— Excerpted records —
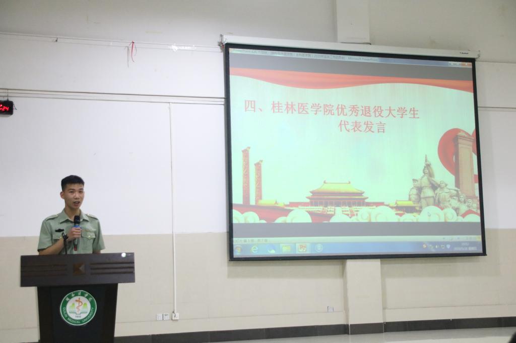 会上,桂林市临桂区武装部政委王晓忠结合当前的形势和实际工作经历,向同学们介绍了目前军队的建设和征兵政策,让同学们了解了丰富的军队知识和最新的士兵待遇,使同学们受益匪浅。此外,王政委结合近期的抗疫工作,重点介绍了军队中优秀医务工作者的先进事迹,号召同学们向他们学习,报名参军报效祖国。王政委热血澎湃的宣讲和针对目前国际形势的一番肺腑之言引发同学们深思。桂林医学院武装部、征兵工作站站长冯天瑾语重心长地从大学生的责任和使命谈起,希望我们学校的学生勇于担当社会责任,肩负保家卫国的使命。优秀退役大学生代表陈名辉、郑明慧向在场的同学讲述了他们的军旅经历。他们的讲述,点燃了同学们深埋心底的军旅热情和家国情怀。最后,刘梦青书记结合桂林医学院第二附属医院医生援鄂抗疫事迹,号召同学们向他们学习并积极投身保家卫国的行动之中,建设国防事业,做一名光荣的中国人民解放军战士。
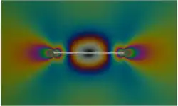 σ1 et σ2 désignent respectivement les première et deuxième principales contraintes orthogonales (σ1 en axe vertical et σ2 en axe horizontal)[75]. Motifs de franges isochromatiques visibles autour d'une plaquette d'acier insérée dans une résine époxy photo-élastique en deux parties. Le retard modifie la polarisation de la lumière transmise. Le polariscope combine les différents états de polarisation des ondes lumineuses avant et après le passage du rayon de lumière à travers l'échantillon ou corps étudié. En raison de l'interférence optique des deux ondes, un motif de franges apparaît[73],[74],[11].
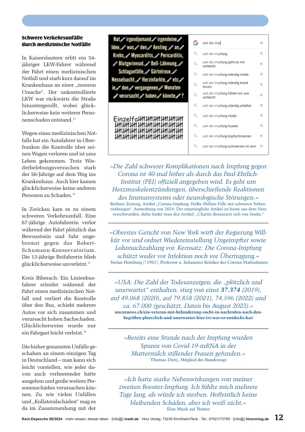 »2020 gab der damalige österreichische Bundeskanzler den berühmten Satz von sich: „Bald wird jeder von uns jemanden kennen, der an Corona gestorben ist.“ Während sich diese Prognose nicht bewahrheitete (britische Studie sagt: nur jeder 20. „Corona-Tote“ starb wirklich an Corona), kennt aber mittlerweile fast jeder jemanden, der „plötzlich und unerwartet“ und zumeist in viel zu jungen Jahren von uns gegangen ist. Wer darüber hinaus gar Todesanzeigen in Tageszeitungen studiert, dem sticht dabei ins Auge, wie oft hier neuerdings Begriffe auftauchen, wie „völlig überraschend“, „ganz plötzlich und unerwartet“, „mitten aus dem Leben gerissen“ o.Ä. Im Folgenden eine erschütternde Aufzählung derartiger Fälle, über die in offiziellen Medien berichtet wurde – ein Zeitdokument, ein Mahnmal!«
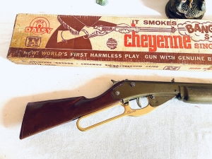 This Daisy Cheyenne pop gun shows playtime but not abuse. We cleaned , oiled, and adjusted the ricochet unit so it would have a good clear sound. The box has good colorful graphics on the front on the edges and back of box . The inflaps one has been tattered and glued shut the other end had been partially replaced but opens and closes good . These guns are very rare to find in good condition.These were produced from the the tv series Cheyenne which featured Clint walker which aired on tv in the mid to late fifties and into the sixties produced in Roger Arkansas either in 1958 or shortly after . Collectible in this condition with the box .The shipping on this gun would be $35
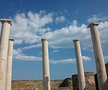 Investigation of ancient stone huts found on the island indicate that it has been inhabited since the 3rd millennium BC. Thucydides identifies the original inhabitants as piratical Carians who were eventually expelled by King Minos of Crete.[2] By the writing of the Odyssey, the island was already famous as the birthplace of the twin gods Apollo and Artemis (although there seems to be some confusion of Artemis' birthplace being either Delos or the island of Ortygia). Between 900 BC and 100 AD, Delos was a major cult centre where Dionysus and Titaness Leto, mother of the twin deities Apollo and Artemis, were revered. Eventually acquiring Panhellenic religious significance, Delos was initially a religious pilgrimage for the Ionians.
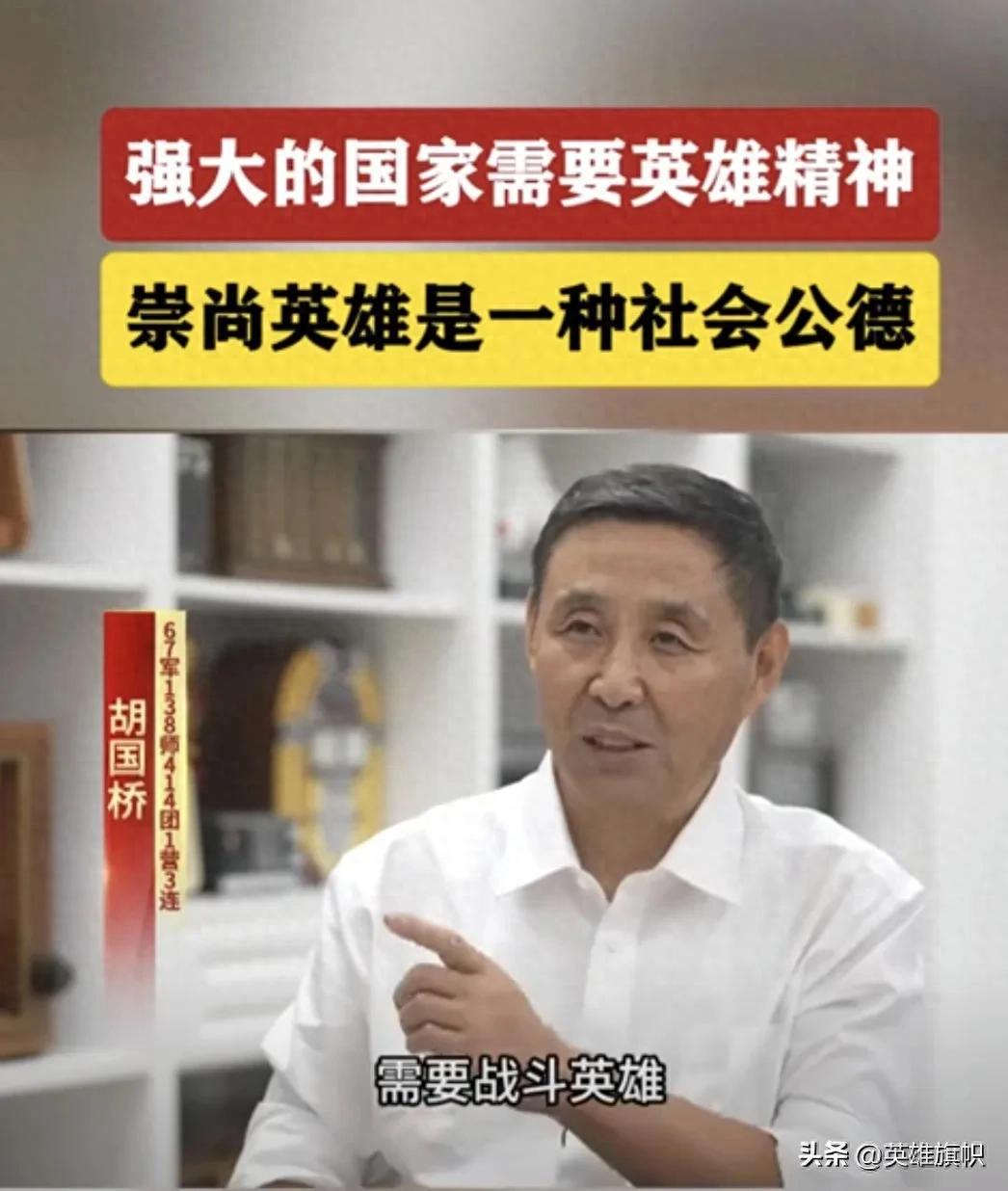胡國橋:中國需要英雄,需要戰鬥英雄。你說咱們部隊靠什麼?靠武器裝備?靠後勤保障?咱們都要比強敵差很多!但是,爲什麼咱們打了勝仗?就是靠這種戰鬥的精神,這種光榮的傳統,這種紅色的基因。英雄啊,是一個民族(精神)最高的一個制高點。英雄不僅是戰鬥英雄,戰場上的英雄,還要延展到各行各業,每個人都要有這種追求和目標,不是說都去打仗。崇尚英雄,實際上是一種人生正確的價值觀,是一種社會價值的導向。英雄包括犧牲,包括奮鬥,包括奉獻,先人後己,這些美德可以轉化成一種特別好的社會功德。(崇尚)英雄實際上也是在弘揚社會功德,這是一個國家的一個基本準則。
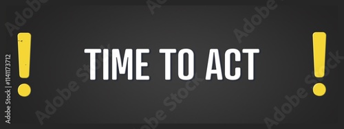 Time to Act. A blackboard with white text. Illustration with grunge text style.
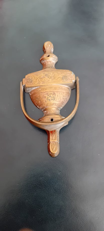 A stylish ornate door knocker, I have never tried to polish it as I like its old patina look but the choice is yours. It has two holes for door attachment, but does NOT come with screws easy to buy from your local DIY shop. In used condition with some wear consistent to its age and use. See photos to make your own assessment of condition.
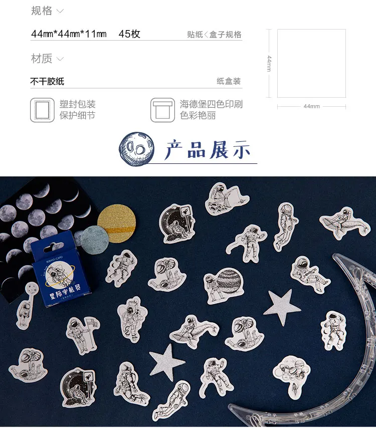 XINAHER 45 шт./коробка, винтажный межпланетный астронавт, украшение, бумажная наклейка посылка, сделай сам, украшение для дневника, наклейка, альбом, скрапбукинг
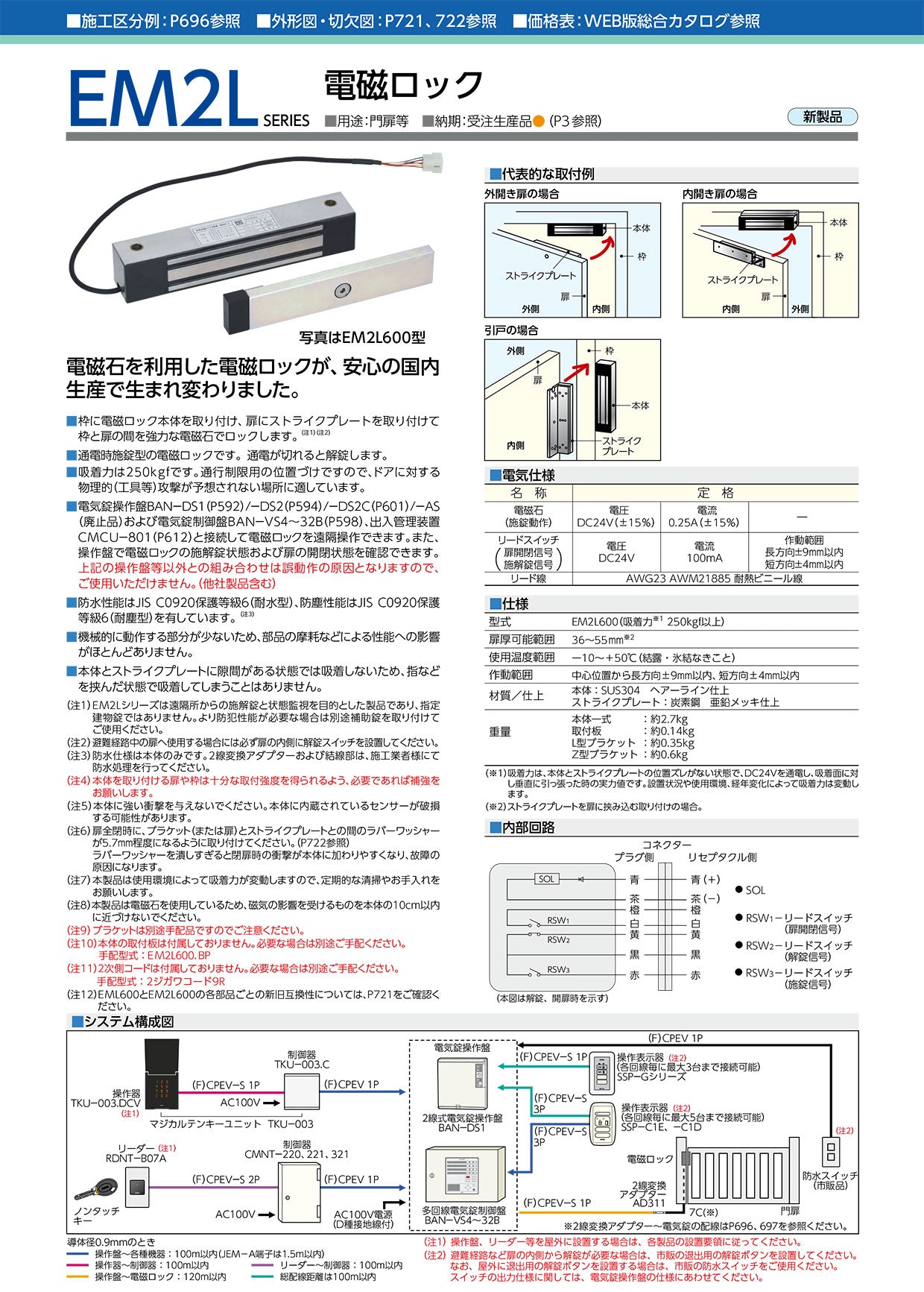 ■電気錠操作盤BANーDS1(P592)/ーDS2(P594)/ーDS2C(P601)/ーAS (廃止品)および電気錠制御盤BANーVS4~32B(P598)、出入管理装置CMCUー801(P612)と接続して電磁ロックを遠隔操作できます。また、操作盤で電磁ロックの施解錠状態および扉の開閉状態を確認できます。上記の操作盤等以外との組み合わせは誤動作の原因となりますので、 ご使用いただけません。(他社製品含む)

— Exercise instructions —
Reproduce all entries above exactly, minus the images.

— Exercise answer —
 会上,桂林市临桂区武装部政委王晓忠结合当前的形势和实际工作经历,向同学们介绍了目前军队的建设和征兵政策,让同学们了解了丰富的军队知识和最新的士兵待遇,使同学们受益匪浅。此外,王政委结合近期的抗疫工作,重点介绍了军队中优秀医务工作者的先进事迹,号召同学们向他们学习,报名参军报效祖国。王政委热血澎湃的宣讲和针对目前国际形势的一番肺腑之言引发同学们深思。桂林医学院武装部、征兵工作站站长冯天瑾语重心长地从大学生的责任和使命谈起,希望我们学校的学生勇于担当社会责任,肩负保家卫国的使命。优秀退役大学生代表陈名辉、郑明慧向在场的同学讲述了他们的军旅经历。他们的讲述,点燃了同学们深埋心底的军旅热情和家国情怀。最后,刘梦青书记结合桂林医学院第二附属医院医生援鄂抗疫事迹,号召同学们向他们学习并积极投身保家卫国的行动之中,建设国防事业,做一名光荣的中国人民解放军战士。
 σ1 et σ2 désignent respectivement les première et deuxième principales contraintes orthogonales (σ1 en axe vertical et σ2 en axe horizontal)[75]. Motifs de franges isochromatiques visibles autour d'une plaquette d'acier insérée dans une résine époxy photo-élastique en deux parties. Le retard modifie la polarisation de la lumière transmise. Le polariscope combine les différents états de polarisation des ondes lumineuses avant et après le passage du rayon de lumière à travers l'échantillon ou corps étudié. En raison de l'interférence optique des deux ondes, un motif de franges apparaît[73],[74],[11].
 »2020 gab der damalige österreichische Bundeskanzler den berühmten Satz von sich: „Bald wird jeder von uns jemanden kennen, der an Corona gestorben ist.“ Während sich diese Prognose nicht bewahrheitete (britische Studie sagt: nur jeder 20. „Corona-Tote“ starb wirklich an Corona), kennt aber mittlerweile fast jeder jemanden, der „plötzlich und unerwartet“ und zumeist in viel zu jungen Jahren von uns gegangen ist. Wer darüber hinaus gar Todesanzeigen in Tageszeitungen studiert, dem sticht dabei ins Auge, wie oft hier neuerdings Begriffe auftauchen, wie „völlig überraschend“, „ganz plötzlich und unerwartet“, „mitten aus dem Leben gerissen“ o.Ä. Im Folgenden eine erschütternde Aufzählung derartiger Fälle, über die in offiziellen Medien berichtet wurde – ein Zeitdokument, ein Mahnmal!«
 This Daisy Cheyenne pop gun shows playtime but not abuse. We cleaned , oiled, and adjusted the ricochet unit so it would have a good clear sound. The box has good colorful graphics on the front on the edges and back of box . The inflaps one has been tattered and glued shut the other end had been partially replaced but opens and closes good . These guns are very rare to find in good condition.These were produced from the the tv series Cheyenne which featured Clint walker which aired on tv in the mid to late fifties and into the sixties produced in Roger Arkansas either in 1958 or shortly after . Collectible in this condition with the box .The shipping on this gun would be $35
 Investigation of ancient stone huts found on the island indicate that it has been inhabited since the 3rd millennium BC. Thucydides identifies the original inhabitants as piratical Carians who were eventually expelled by King Minos of Crete.[2] By the writing of the Odyssey, the island was already famous as the birthplace of the twin gods Apollo and Artemis (although there seems to be some confusion of Artemis' birthplace being either Delos or the island of Ortygia). Between 900 BC and 100 AD, Delos was a major cult centre where Dionysus and Titaness Leto, mother of the twin deities Apollo and Artemis, were revered. Eventually acquiring Panhellenic religious significance, Delos was initially a religious pilgrimage for the Ionians.
胡國橋:中國需要英雄,需要戰鬥英雄。你說咱們部隊靠什麼?靠武器裝備?靠後勤保障?咱們都要比強敵差很多!但是,爲什麼咱們打了勝仗?就是靠這種戰鬥的精神,這種光榮的傳統,這種紅色的基因。英雄啊,是一個民族(精神)最高的一個制高點。英雄不僅是戰鬥英雄,戰場上的英雄,還要延展到各行各業,每個人都要有這種追求和目標,不是說都去打仗。崇尚英雄,實際上是一種人生正確的價值觀,是一種社會價值的導向。英雄包括犧牲,包括奮鬥,包括奉獻,先人後己,這些美德可以轉化成一種特別好的社會功德。(崇尚)英雄實際上也是在弘揚社會功德,這是一個國家的一個基本準則。
 Time to Act. A blackboard with white text. Illustration with grunge text style.
 A stylish ornate door knocker, I have never tried to polish it as I like its old patina look but the choice is yours. It has two holes for door attachment, but does NOT come with screws easy to buy from your local DIY shop. In used condition with some wear consistent to its age and use. See photos to make your own assessment of condition.
 XINAHER 45 шт./коробка, винтажный межпланетный астронавт, украшение, бумажная наклейка посылка, сделай сам, украшение для дневника, наклейка, альбом, скрапбукинг
 ■電気錠操作盤BANーDS1(P592)/ーDS2(P594)/ーDS2C(P601)/ーAS (廃止品)および電気錠制御盤BANーVS4~32B(P598)、出入管理装置CMCUー801(P612)と接続して電磁ロックを遠隔操作できます。また、操作盤で電磁ロックの施解錠状態および扉の開閉状態を確認できます。上記の操作盤等以外との組み合わせは誤動作の原因となりますので、 ご使用いただけません。(他社製品含む)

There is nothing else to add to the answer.